**Task item:** The needed output is the run of lines below from the one containing "- Keeping your" through the one containing "Power dressing meets", copied exactly and free of pictures.

**Data in this exercise:**
»»

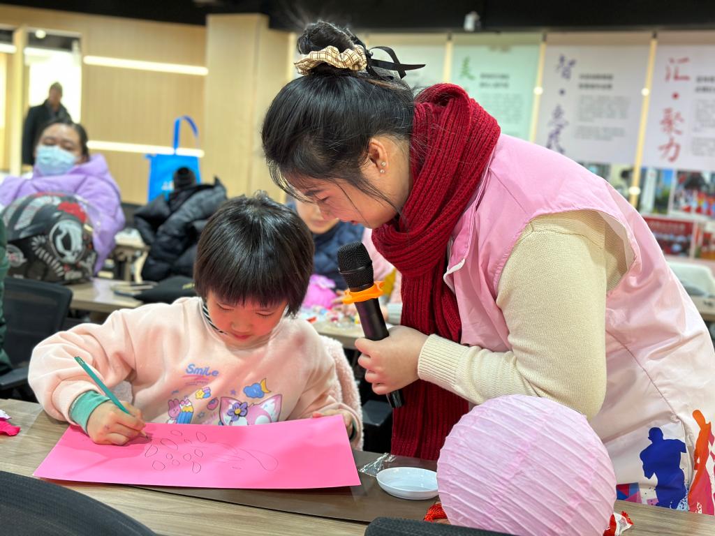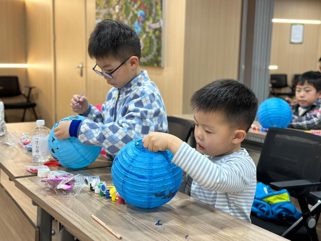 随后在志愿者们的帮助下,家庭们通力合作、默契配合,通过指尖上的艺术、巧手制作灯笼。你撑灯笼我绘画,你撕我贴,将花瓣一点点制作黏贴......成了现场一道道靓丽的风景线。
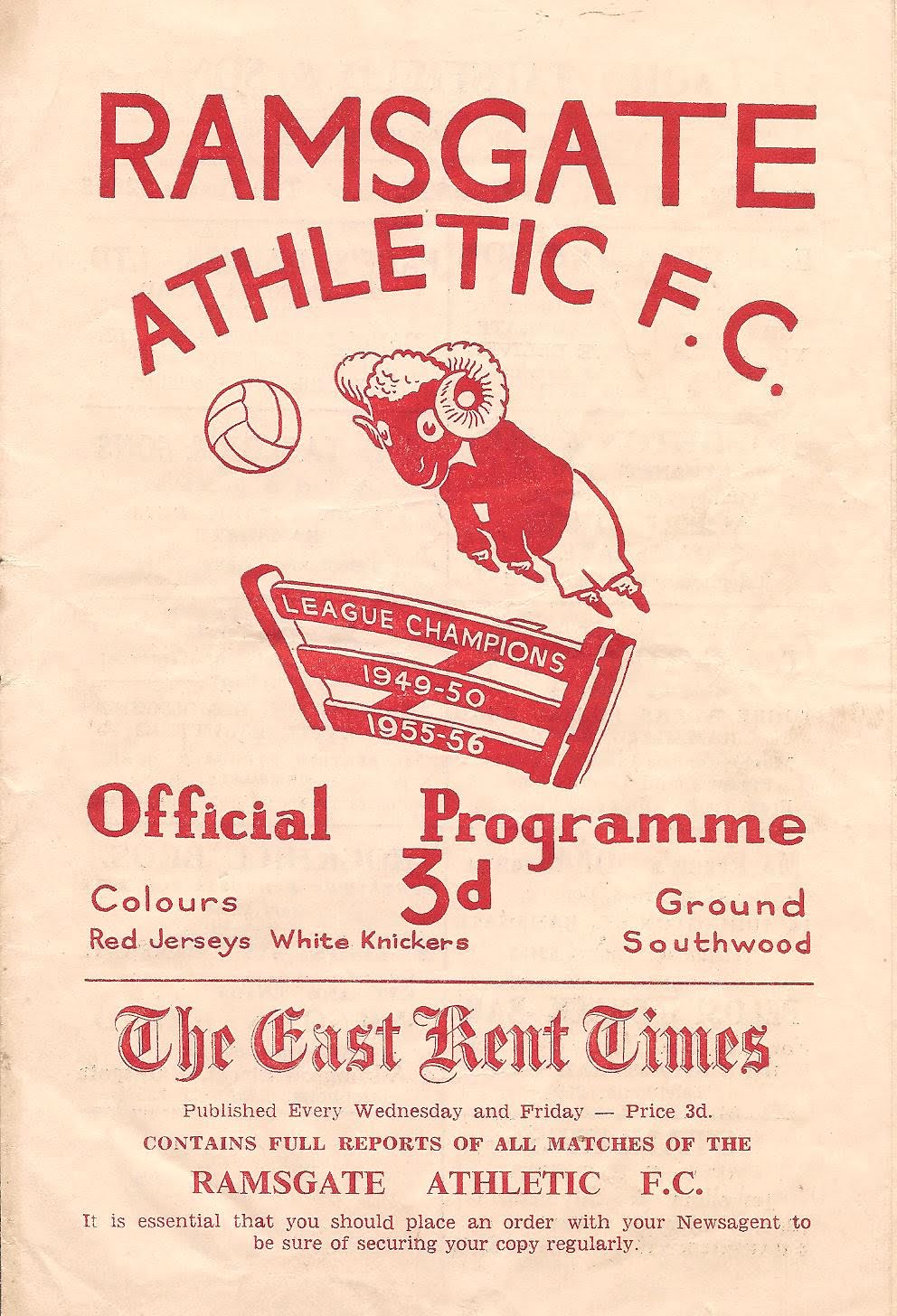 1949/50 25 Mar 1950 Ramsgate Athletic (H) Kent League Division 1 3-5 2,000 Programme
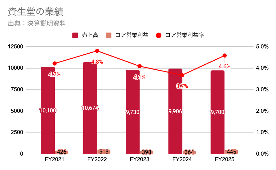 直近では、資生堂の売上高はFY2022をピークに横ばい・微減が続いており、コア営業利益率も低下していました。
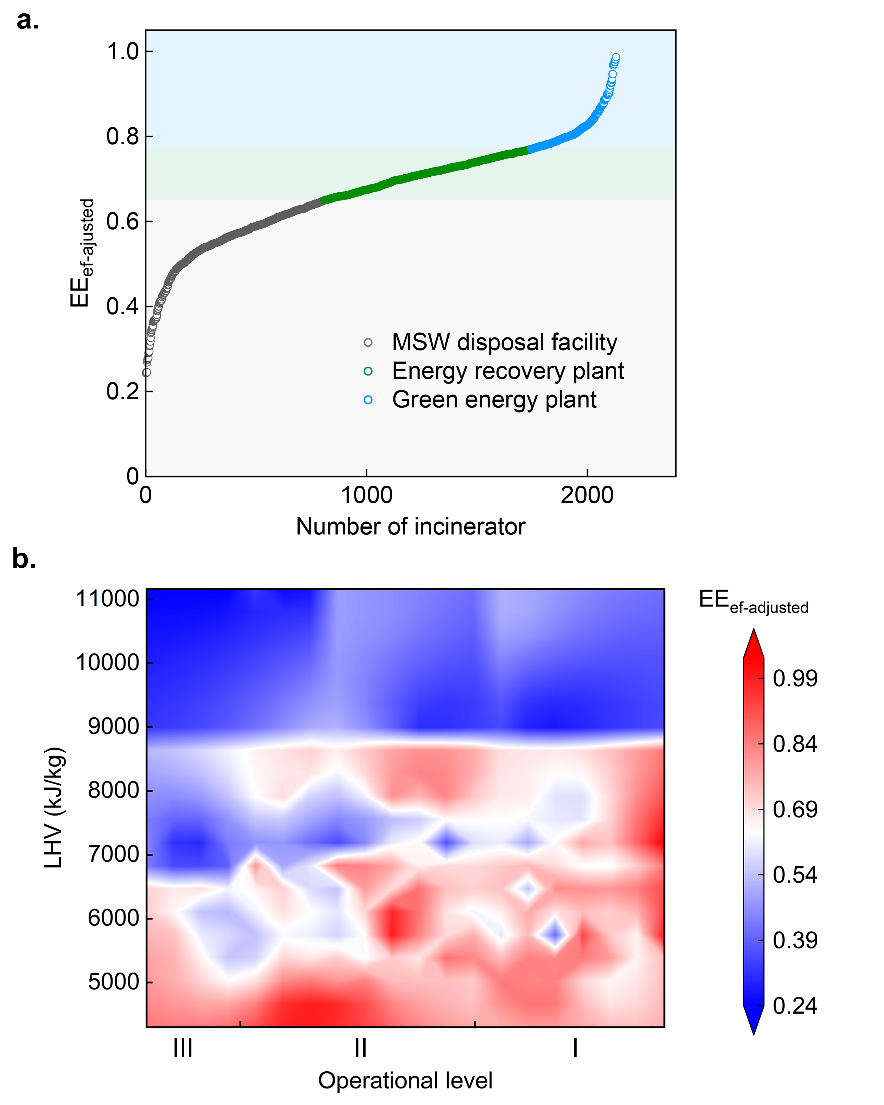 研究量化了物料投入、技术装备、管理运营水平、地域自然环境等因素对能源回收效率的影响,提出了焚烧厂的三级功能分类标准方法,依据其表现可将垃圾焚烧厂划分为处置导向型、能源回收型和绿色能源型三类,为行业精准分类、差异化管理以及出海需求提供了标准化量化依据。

««
»»

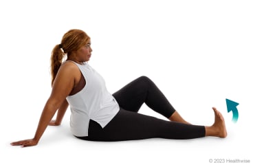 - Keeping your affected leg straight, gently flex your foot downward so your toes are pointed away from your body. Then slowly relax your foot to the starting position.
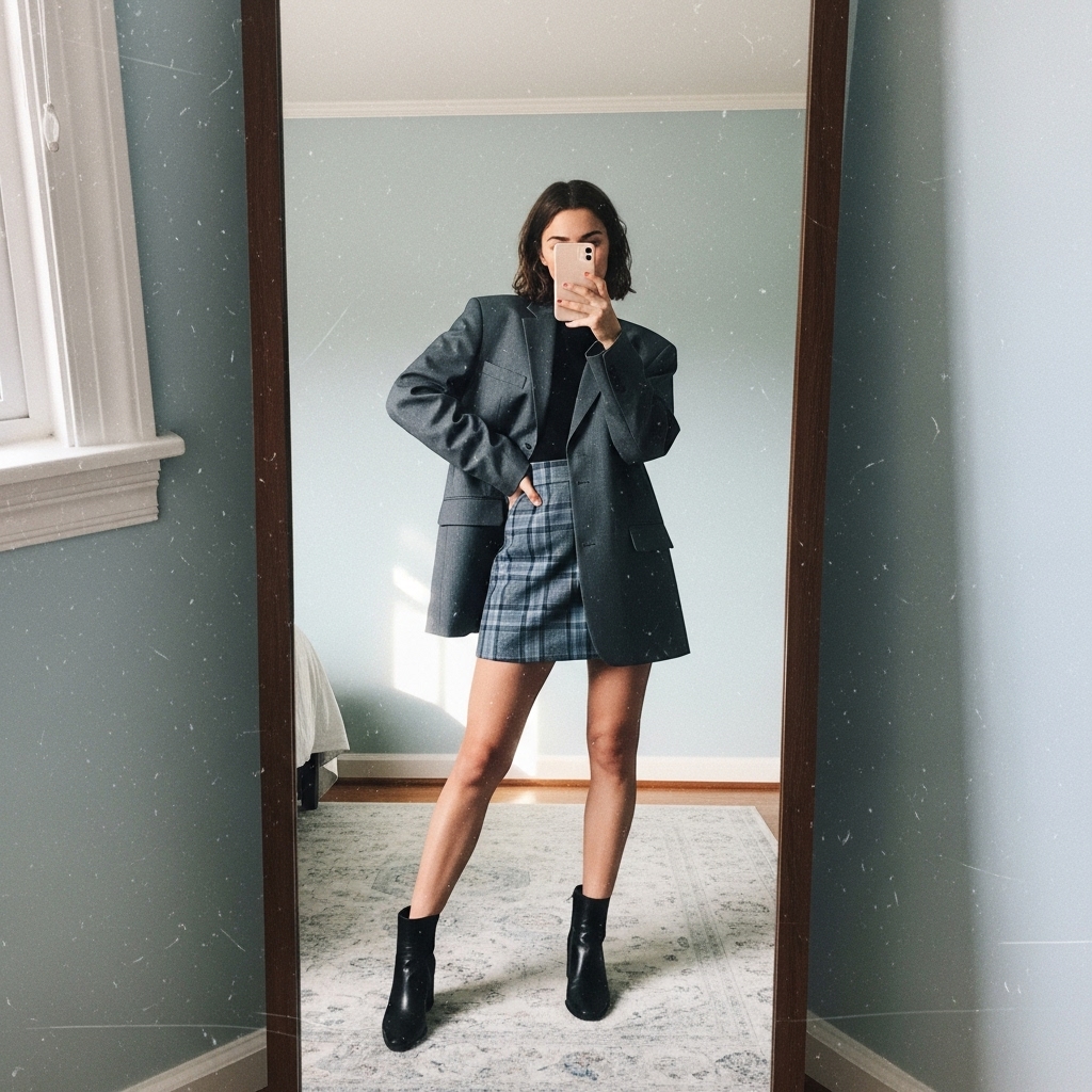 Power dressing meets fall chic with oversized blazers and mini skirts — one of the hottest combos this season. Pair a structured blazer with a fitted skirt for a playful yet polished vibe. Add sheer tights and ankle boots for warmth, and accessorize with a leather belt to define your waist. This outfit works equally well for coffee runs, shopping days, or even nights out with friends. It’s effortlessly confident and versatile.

««

**Answer for the task:**
 - Keeping your affected leg straight, gently flex your foot downward so your toes are pointed away from your body. Then slowly relax your foot to the starting position.
 Power dressing meets fall chic with oversized blazers and mini skirts — one of the hottest combos this season. Pair a structured blazer with a fitted skirt for a playful yet polished vibe. Add sheer tights and ankle boots for warmth, and accessorize with a leather belt to define your waist. This outfit works equally well for coffee runs, shopping days, or even nights out with friends. It’s effortlessly confident and versatile.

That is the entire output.